# STUDY REVEALS ENVIRONMENTAL IMPACT OF GENETICALLY MODIFIED CROPS



## jim lyon (Feb 19, 2006)

I don't doubt the accuracy of their numbers but if they are truly trying to gauge the environmental impact of genetically modified crop farming they need to at least mention that there is much less fuel used and far less soil erosion compared to the older, more traditional methods of farming. 
Soybean farming in the 60's and 70's didn't use a lot of chemicals because there just weren't any products that could kill broad leaf weeds in beans post-emergent. Care to guess how they controlled those nasty weeds back then? Yup, every good farmer, "walked" his bean fields with hoe in hand back in those years to get the weeds in the rows that the cultivator couldn't reach.


----------



## Ian (Jan 16, 2003)

jim lyon said:


> I don't doubt the accuracy of their numbers but if they are truly trying to gauge the environmental impact of genetically modified crop farming they need to at least mention that there is much less fuel used and far less soil erosion compared to the older, more traditional methods of farming.
> Soybean farming in the 60's and 70's didn't use a lot of chemicals because there just weren't any products that could kill broad leaf weeds in beans post-emergent. Care to guess how they controlled those nasty weeds back then? Yup, every good farmer, "walked" his bean fields with hoe in hand back in those years to get the weeds in the rows that the cultivator couldn't reach.

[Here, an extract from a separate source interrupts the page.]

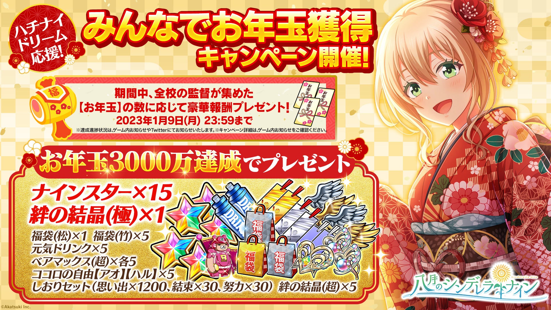 ■最大ナインスターが15個もらえるチャンス!「ハチナイドリーム応援!みんなでお年玉獲得キャンペーン」開催

Not too long ago sugar beat growers use to hire out rows for kids to hoe, by hand. The row crop tillage equipment would till down the rows, then kids were hired by the row to hoe the weeds twice before harvest. 
It did not pay very well but kids needed the money and the work got done. 
....good thing for RR sugar beat farming...how many kids would they find to hoe those weeds.


----------



## aunt betty (May 4, 2015)

All good if you're a farmer but when they start posting the results of glyphosate in our US honey crops may change some things. 
It's in everything we eat at this point and is starting to look awfully lot like a carcinogen.
Once it comes out that our honey is tainted too we're kinda screwed. 
Twice the amount allowed in Europe is being found in American honey. Too late. See link below. 
http://www.huffingtonpost.com/carey-gillam/fda-finds-monsantos-weed_b_12008680.html

^^^ This can't be good.


----------



## Ian (Jan 16, 2003)

Don't they say the same thing about butyric acid? (BeeGo)


----------



## clyderoad (Jun 10, 2012)

Ian said:


> Don't they say the same thing about butyric acid? (BeeGo)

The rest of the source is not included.